Return the stretch from the line with "Туристы стали свидетелями" through the line with "Vector background with" in the data below, character for character, skipping all pictures.

Excerpts from a dataset:
────────────────────────────────────────
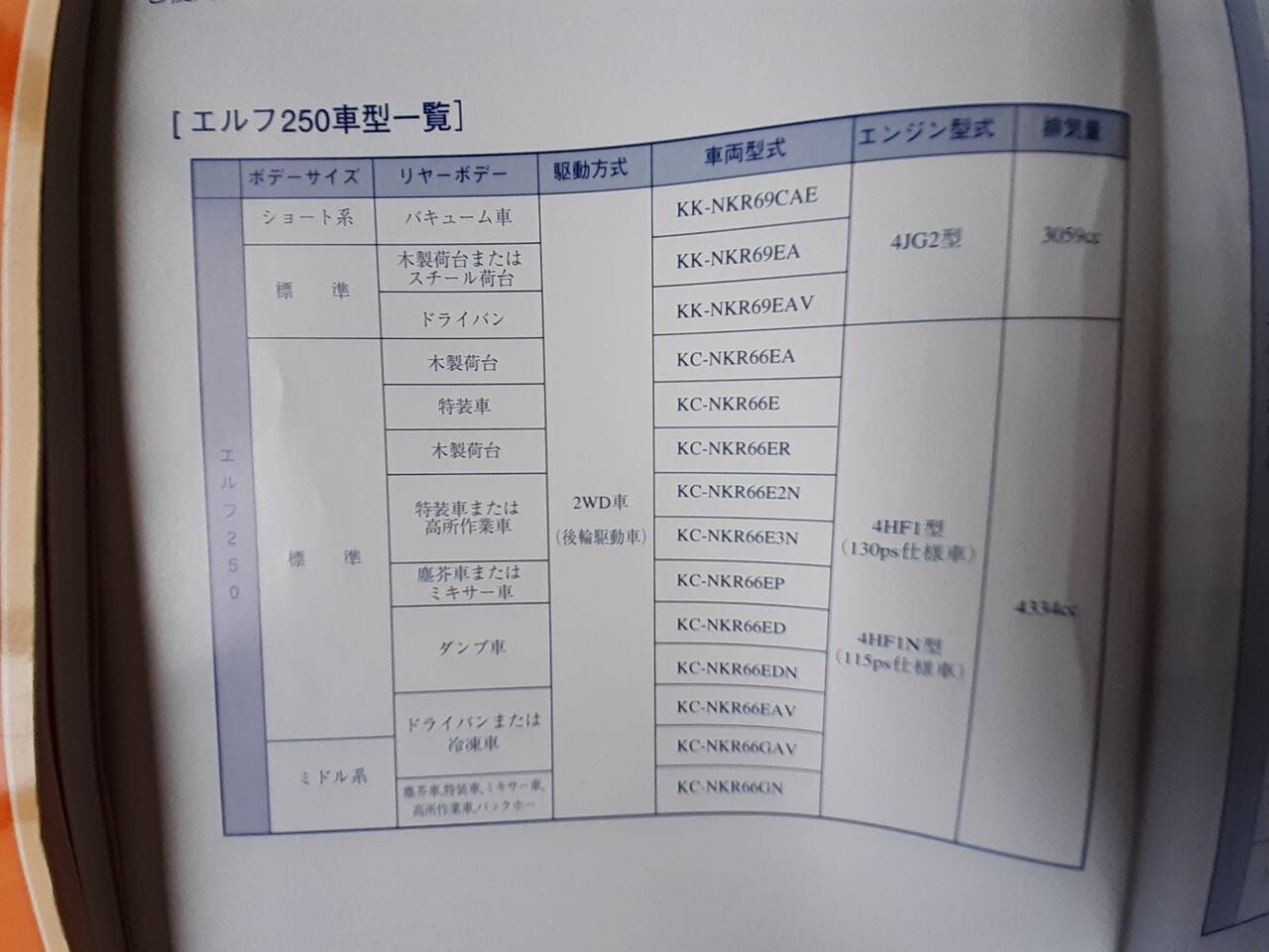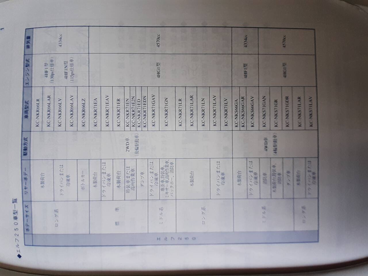 いすゞ エルフ250 取扱説明書
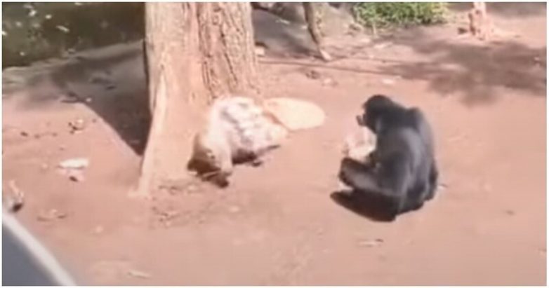 Туристы стали свидетелями забавного эпизода из жизни животных. Гиббон подошёл к мирно дремавшему на солнышке дикобразу и из любопытства ткнул ему пальцем в морду. Колючему грызуну это не понравилось и он решил догнать своего обидчика.
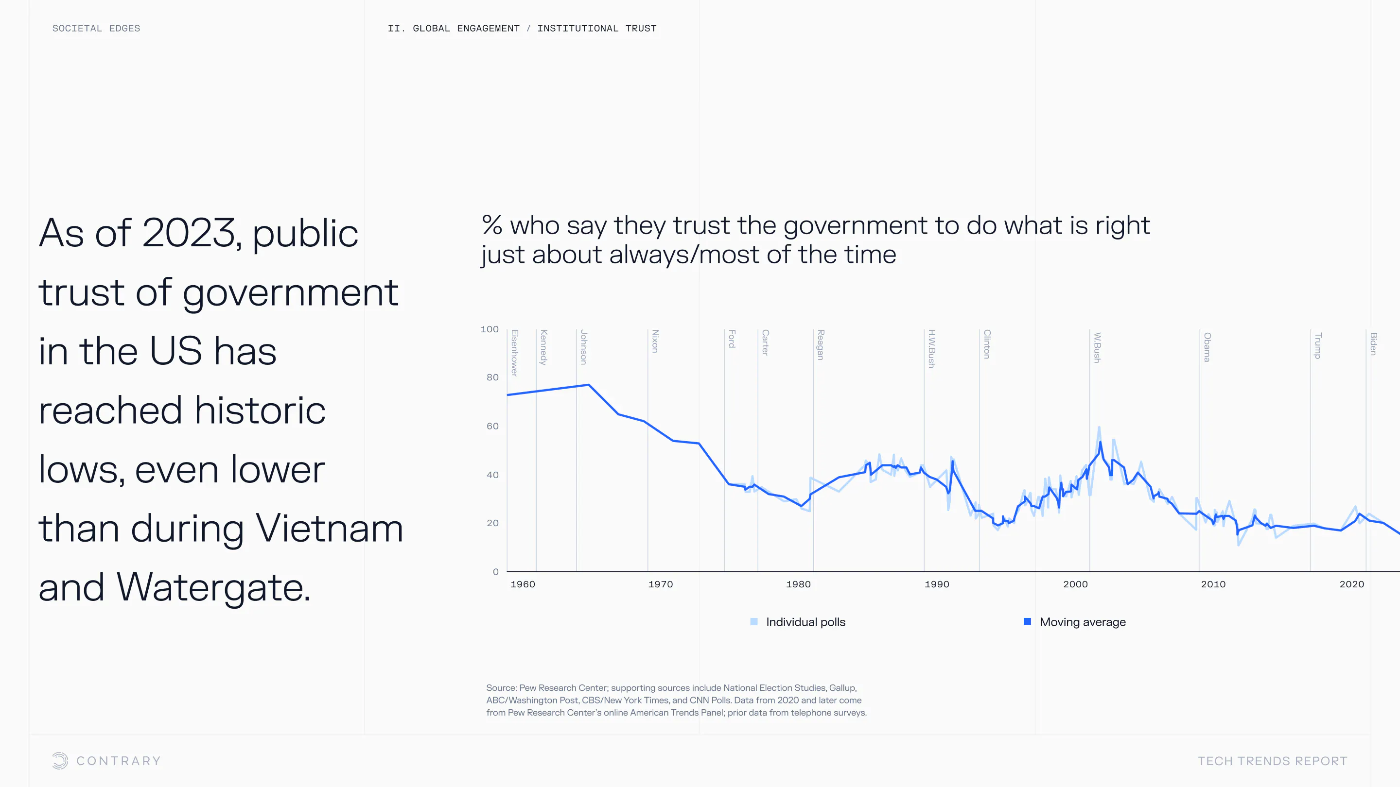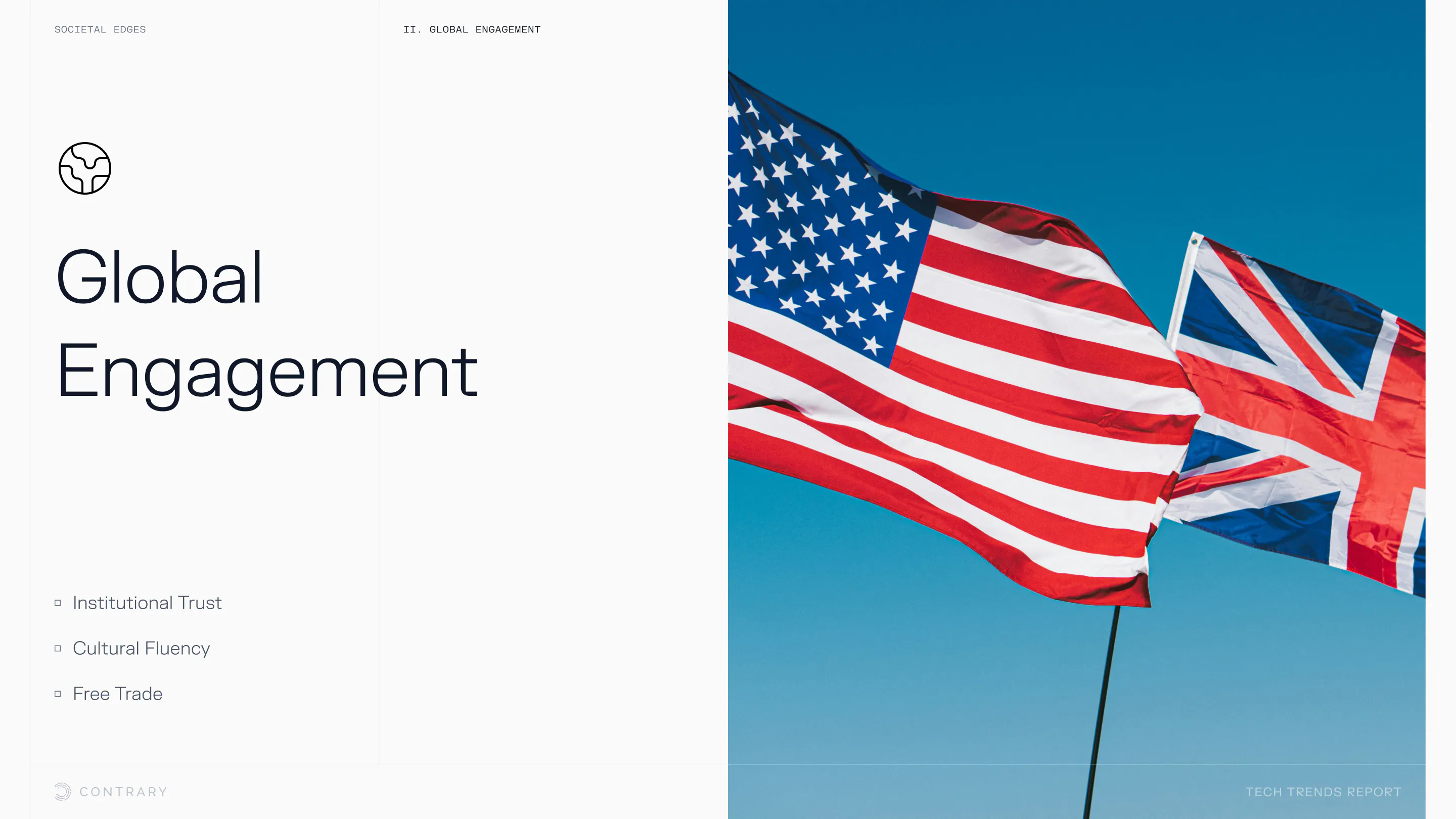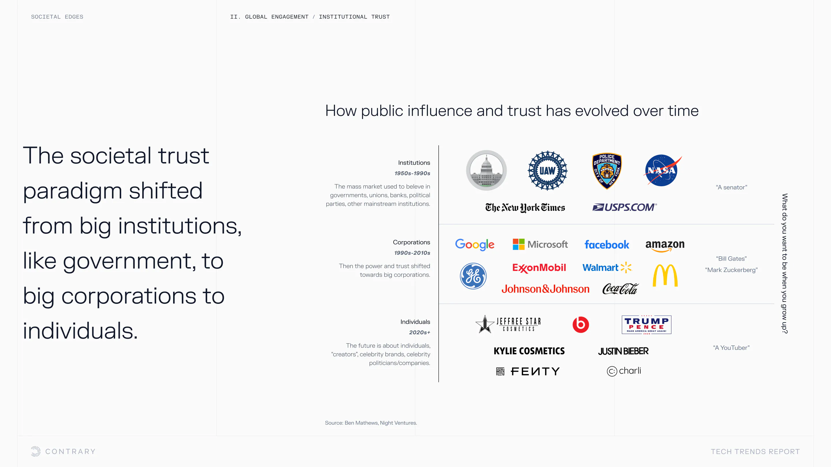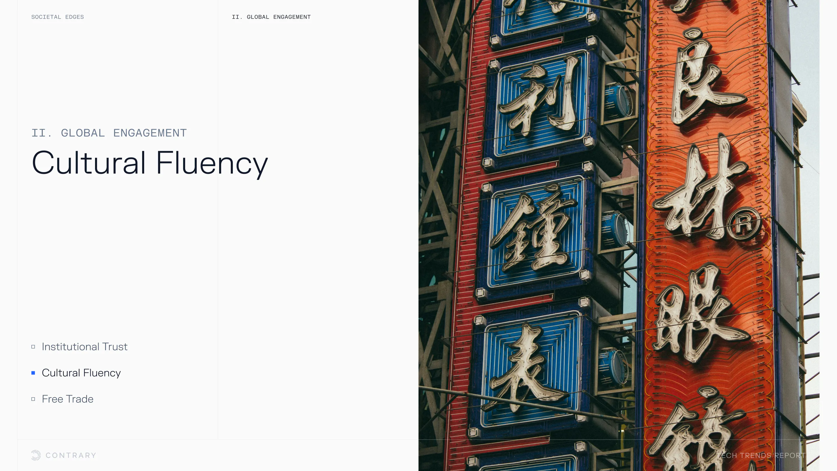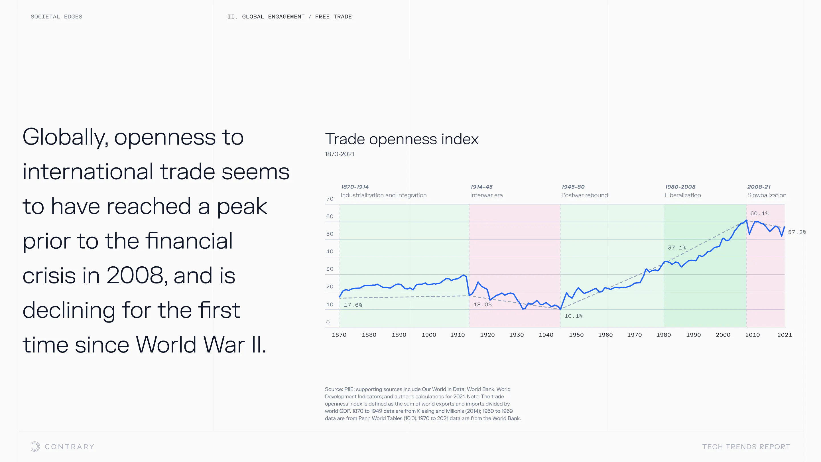 Institutional trust is falling and globalization is facing a global backlash, with global openness to trade declining for the first time since WWII. The cutting edge is leaning into localization and microcultures.
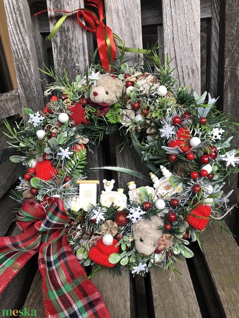 Karácsonyi ajtókopogtató macikkal, vonattal, sapikkal
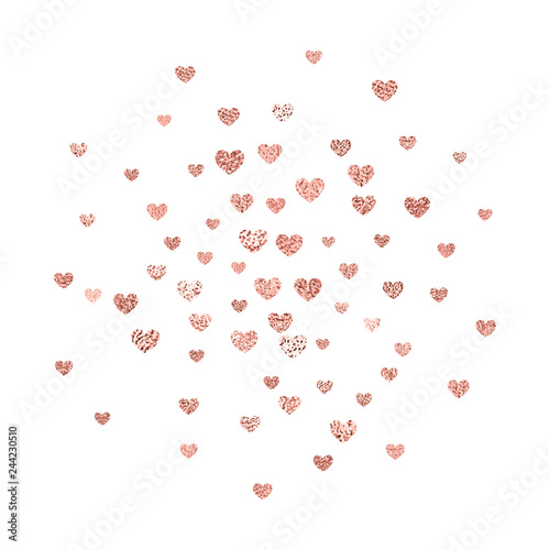 Vector background with rose gold foil confetti hearts isolated on white. Modern element for wedding, celebration, party, anniversary, birthday, Valentine's Day designs.
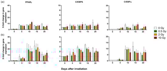 At the molecular level, adipogenesis is characterized by a tightly regulated interplay of stimulatory and inhibitory transcription factors. The critical factors for the complete and seamless adipocyte development are the Perixosome proliferator-activated receptor gamma (PPARγ) and the CCAAT/enhancer-binding proteins (C/EBPs), which are rapidly expressed after the induction of differentiation []. Therefore, as a next step, the impact of X-ray irradiation on the expression of these major adipogenic transcription factors (PPARγ, C/EBPβ and C/EBPα) were investigated. After irradiation and initiation of differentiation, RNA from both primary and SGBS cells were isolated at the indicated time points. Although no significant differences in the expression of PPARγ, C/EBPβ, and C/EBPα between irradiated and sham-irradiated cells were found, the analysis revealed a trend towards a reduced expression level of these genes (Figure 5). Notably, primary (pre-)adipocytes (Figure 5a) showed much lower expression levels of adipogenic transcription factors during differentiation compared to SGBS cells (Figure 5b), although the temporal pattern of gene expression was found to be very similar.
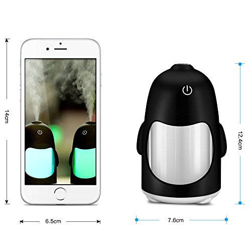 Winkeyes 150ml USB Penguin Creative Ultrasonic Cool Mist Humidifier Mini USB Air Humidifier with 7 Changing LED Night Lights Aroma Diffuser for Office Desk/ Bedroom/ Travel/ Car (White)
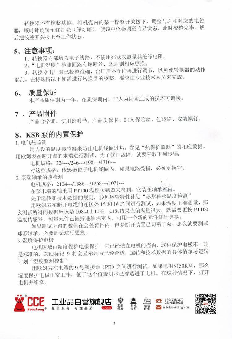 转换器具有电机绕组温度监测保护、电机、泵轴承温度监测保护、电机湿度监测保护及机械密封监测保护功能。
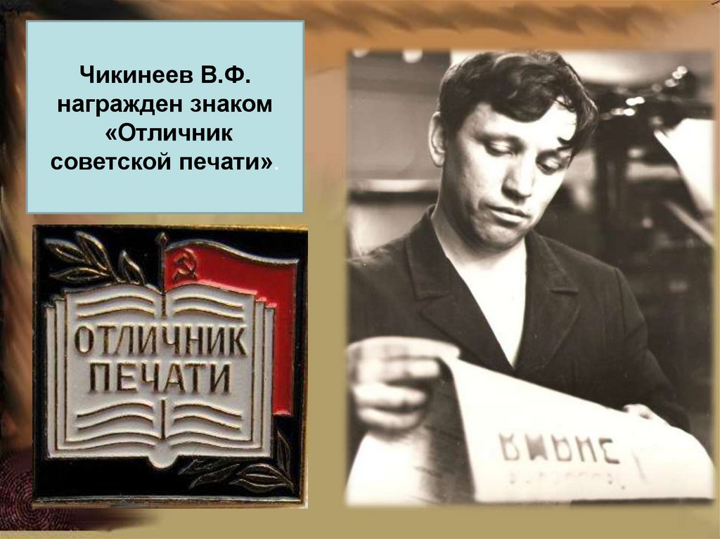 Чикинеев В.Ф.награжден знаком
────────────────────────────────────────
## YOUR SOLUTION
 Туристы стали свидетелями забавного эпизода из жизни животных. Гиббон подошёл к мирно дремавшему на солнышке дикобразу и из любопытства ткнул ему пальцем в морду. Колючему грызуну это не понравилось и он решил догнать своего обидчика.
 Institutional trust is falling and globalization is facing a global backlash, with global openness to trade declining for the first time since WWII. The cutting edge is leaning into localization and microcultures.
 Karácsonyi ajtókopogtató macikkal, vonattal, sapikkal
 Vector background with rose gold foil confetti hearts isolated on white. Modern element for wedding, celebration, party, anniversary, birthday, Valentine's Day designs.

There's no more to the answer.